Just before 1:00 a.m. on August 2, Pablo Morrugares, a journalist and restaurateur, opened the Facebook page for his news site and began a live broadcast from the cafe he owned in Iguala, in Mexico’s southwestern Guerrero state.
A well-known local reporter, Morrugares covered crime and gangs, a beat so dangerous that Mexican authorities had placed him under the protection of a police officer, who sat by his side at the cafe.
That night’s broadcast for the outlet he founded, PM Noticias, was typical fare for the journalist: he recounted the day’s research trip to nearby Huitzuco, where locals were “super angry” about the alleged killing of a taxi driver, according to a report in Proceso newsmagazine. Morrugares suggested that a local gang, the Tlacos, were behind the incident, and that they had pressured police and taxi drivers in the city. The town, he said, was “super hot” – extremely violent.
Minutes after Morrugares ended the broadcast, unidentified gunmen entered the restaurant and opened fire on the journalist and his bodyguard. They shot more than 50 rounds before they left the café, escaping in the dark, as the Committee to Protect Journalists (CPJ) documented at the time. Morrugares and the police officer, Roberto Hernández, died on the spot.
Six days later, the state prosecutor’s office announced that it had arrested eight men from a safe house, including one who was carrying a gun that may have been used in the murder, reports said. The man, who was not identified in the reports, is now a suspect in the case. The CPJ was unable to determine if any charges have been brought; its calls to the state prosecutor were not returned.
It’s unclear if Morrugares’ killing was linked to his final broadcast; the CPJ’s call to the Huitzuco municipality was not returned. But it’s clear that the incident has had a profound ripple effect on the local press. According to several Iguala journalists, Morrugares’ murder was a message: stop covering gang activity or pay the heaviest price.
It was a message reinforced days after the killing, when the journalists said they were added to a WhatsApp group, where people they believed to be gang members issued a barrage of fresh threats. And it was repeated on August 4, when unknown gunmen fired shots at the offices of Iguala newspaper La Tarde, according to news reports.

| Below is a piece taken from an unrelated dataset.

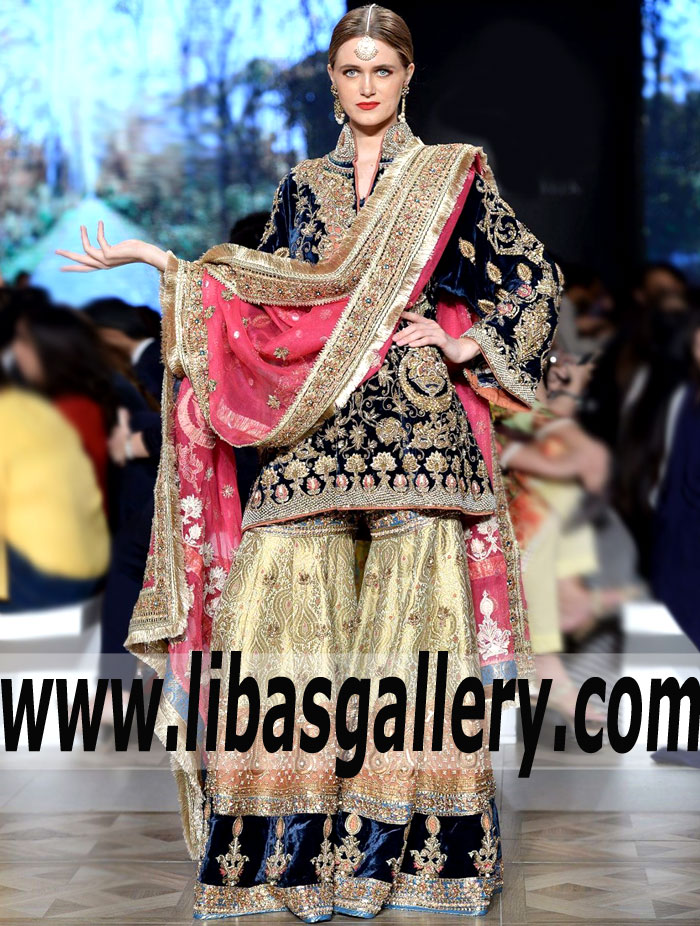 If this wedding dress could talk, it`d say "the queen has arrived!" With its short shirt features intricate floral embellishments on Stand collar with around the V-front neck, Big sized motifs on side and heavy floral hemline, Full sleeves, Two legged flared Gharara in Banarsi Jamawar fabric, rich detailed embellishments on the hem, and Chiffon dupatta has embellished border in gold, this wedding gharara has a regal feel. feel beautiful inside and out with Golden Zircons, kundan, faux gemstone and fresh water pearls jhoomar, tika and pair of earrings jewellery.

Today, five months after the killing of Morrugares, the threats have continued, according to six journalists who spoke on the condition of anonymity for security reasons. And the small community of reporters who covered organized crime in Iguala – journalists told the CPJ there were at least 15 on the beat – has dwindled and gone partly quiet.
At least four reporters have fled the city. (Two others left in the year before Morrugares’ death.) One journalist stopped covering crime altogether; another now uses only official sources. La Tarde has ceased publishing its print edition, though it still appears online, according to one reporter with knowledge of the city’s newspaper operations.

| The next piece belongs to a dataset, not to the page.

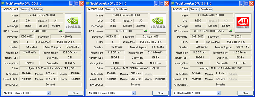 Gigabyte NX88T256H | MSI N9600GT | ATI Radeon HD2900XT |

“I believe we’re in a situation of maximum alarm,” said the same journalist, who fled the city. “I’ve never before seen that they attack and harass the media the way they do now.”
Located 120 miles south Mexico City, Iguala is home to more than 140,000 people, according to the latest census. A subtropical city of abundant tamarind trees, narrow streets, and dozens of busy shops, it is known nationally as the cradle of Mexican independence after a proclamation of Mexican sovereignty was drafted there in 1821. But Iguala has earned a more sinister reputation in recent years.

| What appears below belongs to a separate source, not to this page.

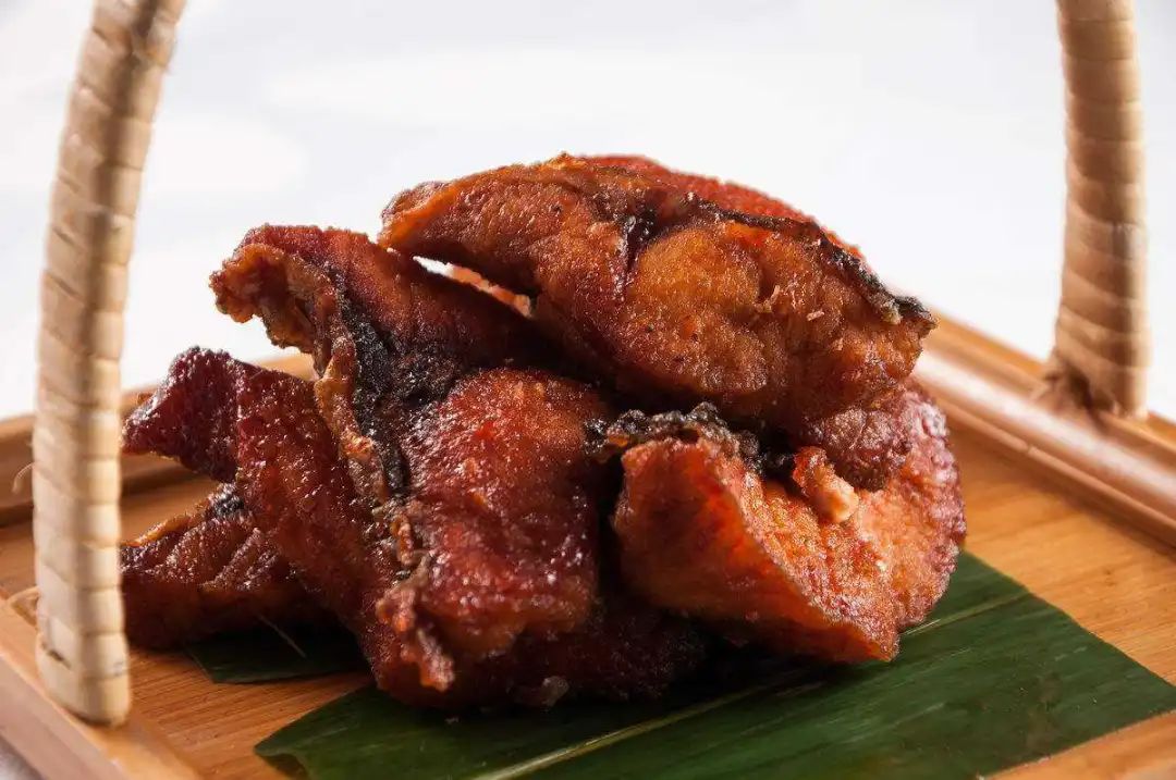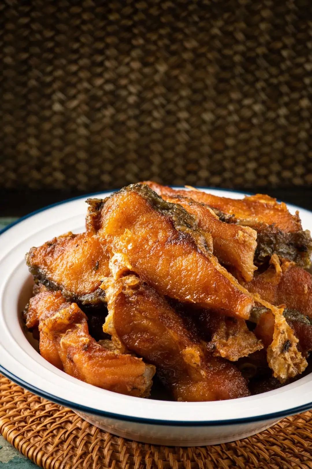 熏鱼,连皮带骨为上品。要骨酥肉嫩,是技术活。腌渍好的鱼片(说是片,更像是鱼块),风干后下锅,不需长,一刻钟左右,足够鱼肉稍稍收紧。入油汆,鱼灿黄泛红,连着骨都酥了。

On September 26, 2014, 43 students of a rural teaching college were abducted from Iguala and murdered by the local gang Guerreros Unidos, according to the previous government’s initial probe. Dozens of police officers and alleged gang members were arrested, but many were later released in what international observers have called a botched investigation. Iguala’s former mayor and his wife are in custody. In 2018, the then-new President López Obrador announced that he would reopen the investigation. So far, no one has been convicted.
In the years since the 2014 mass abduction, violence has not subsided; bloody warfare between rival gangs has made Iguala one of the deadliest cities in Guerrero, a state in which at least 742 people were murdered in the first six months of this year, according to the most recent data from the federal Ministry of Security and Citizen Protection.
According to an October report on news website Animal Político, the recent uptick in violence in Iguala is partly due to a split in the gang the government blamed for the 2014 kidnapping, Guerreros Unidos. Another Iguala journalist, the one who has taken the precaution of only relying on official sources in his work, confirmed this report with the CPJ. He described a turf war that started between factions when alleged Guerreros Unidos members who had been released from prison began to vie for dominance with other members in the city. Other gangs have also been involved.
“Violence has increased significantly due to the clash between organized crime groups,” that journalist said. “It didn’t used to affect us as much as it does now.”
To be sure, violence against journalists in Iguala, and in Mexico more broadly, is not a new phenomenon, as the CPJ has documented. Morrugares himself survived a 2016 attempt on his life when unknown gunmen shot at his car as he was driving with his wife, according to news reports. After that incident, the journalist fled Iguala for Mexico City. He received his bodyguard through the federal mechanism for the Protection of Human Rights Defenders and Journalists, a national program which provides protection measures like panic buttons, police accompaniment, and monitoring to reporters and human rights workers.
According to news reports, Morrugares had returned to Iguala under police protection just one month before his death.
Omar Bello Pineda, a journalist from Guerrero and spokesman for the Mexican Association of Displaced and Attacked Journalists, told the CPJ that Morrugares had been threatened two months before his death in a Facebook video allegedly posted by a criminal gang; his association tweeted on August 2 that Morrugares was named on a so-called “narcomanta,” a banner criminal gangs use to send messages to the public, rivals, and authorities.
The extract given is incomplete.